When you’re writing a book about the military, this critic thinks, you’ve got to be a great writer. You have got to know what you’re doing, and you have got to understand the shark-infested waters you’re swimming in.

A bad book about the military will do one or several of the following things: 1) reduce the troops to tropes; 2) wave a flag; 3) become an excuse for an author to enter into a partisan argument between himself and the reader’s sensibilities; and 4) read like a Michael Bay (or, if in the 90s, Jerry Bruckheimer) movie.

I just finished reading an earnest attempt at macho beachside literature, “Horse Soldiers,” pitched to me by the PR company slinging the book as something for Dad on Father’s Day (which was Sunday?). My dad’s a retired Commander in the US Navy, so I couldn’t really think of the book without wondering how he would feel about it, and the military has kind of seeped into the back of my mind and informed, I’m finding increasingly as I get older, how I look at most things.

As such I feel compelled to discuss further the risks of writing a sensationalized take on military strategy, to elaborate on my negative review of the book, which should appear on Blast sometime this week.

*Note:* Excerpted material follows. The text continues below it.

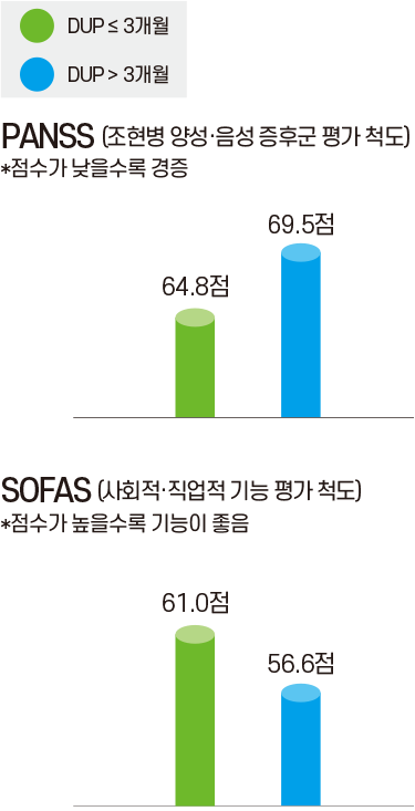 정신질환 발생 후 치료받기까지 기간이 짧을수록 정신병적 증상이 덜했고, 사회적·직업적 기능이 더 좋은 것으로 나타났다.

The thing is this, at bottom: Nobody’s going to go to a book about military strategy, especially the War On Terror, without a political position of their own. I, myself, think the entire affair was ruined the moment the Commander in Chief decided not to pursue Bin Laden, so, within those confines, the Horse Soldiers’ mission (to fight Al Qaeda) wasn’t really the issue. The issue I had with the book was more that it didn’t do what it could to treat the soldiers as people, and instead gave us a Tony Scott movie with a pair of protagonists, a faceless enemy and a host of extras.

It’s about, I suppose, “supporting the troops.” The author, Doug Stanton, did a monumental amount of research to put “Horse Soldiers” together, and it shows. But Stanton’s encyclopedic amount of interviews and legwork produced not a book full of humanity, but a book full of pop and action. I didn’t care about the people whose lives were at stake in the war, and I didn’t get a sense of how their campaign fit in with the rest of the war, and these two things made the book into an excercise in sugar-spinning.

The more I think about it, the more frustrated I get, in fact. The book’s got staying power; I’ll give Stanton that.